**Your goal**
The lines to repeat are those below from the one containing "Чăвашсен çĕр пин" down to the one containing "Dieser gerade Einschraubstutzen", both included; reproduce them exactly and nothing else.

**Records**
######

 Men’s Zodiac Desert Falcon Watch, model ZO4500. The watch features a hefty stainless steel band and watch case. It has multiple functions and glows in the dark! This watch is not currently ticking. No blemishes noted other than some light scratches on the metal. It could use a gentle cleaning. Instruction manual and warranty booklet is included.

######

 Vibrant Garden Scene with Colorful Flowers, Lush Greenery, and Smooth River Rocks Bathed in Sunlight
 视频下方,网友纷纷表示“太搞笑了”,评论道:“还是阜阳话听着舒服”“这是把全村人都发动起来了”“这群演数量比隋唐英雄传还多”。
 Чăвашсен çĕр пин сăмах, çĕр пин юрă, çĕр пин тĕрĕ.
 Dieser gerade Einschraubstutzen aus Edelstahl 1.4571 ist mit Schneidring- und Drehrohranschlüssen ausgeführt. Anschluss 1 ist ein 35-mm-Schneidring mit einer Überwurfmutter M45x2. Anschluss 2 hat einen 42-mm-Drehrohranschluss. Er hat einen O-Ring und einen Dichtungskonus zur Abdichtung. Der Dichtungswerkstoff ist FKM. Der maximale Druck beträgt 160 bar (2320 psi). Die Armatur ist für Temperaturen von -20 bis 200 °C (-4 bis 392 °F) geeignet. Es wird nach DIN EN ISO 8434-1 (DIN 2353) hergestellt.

######

**Result of this task**
 Чăвашсен çĕр пин сăмах, çĕр пин юрă, çĕр пин тĕрĕ.
 Dieser gerade Einschraubstutzen aus Edelstahl 1.4571 ist mit Schneidring- und Drehrohranschlüssen ausgeführt. Anschluss 1 ist ein 35-mm-Schneidring mit einer Überwurfmutter M45x2. Anschluss 2 hat einen 42-mm-Drehrohranschluss. Er hat einen O-Ring und einen Dichtungskonus zur Abdichtung. Der Dichtungswerkstoff ist FKM. Der maximale Druck beträgt 160 bar (2320 psi). Die Armatur ist für Temperaturen von -20 bis 200 °C (-4 bis 392 °F) geeignet. Es wird nach DIN EN ISO 8434-1 (DIN 2353) hergestellt.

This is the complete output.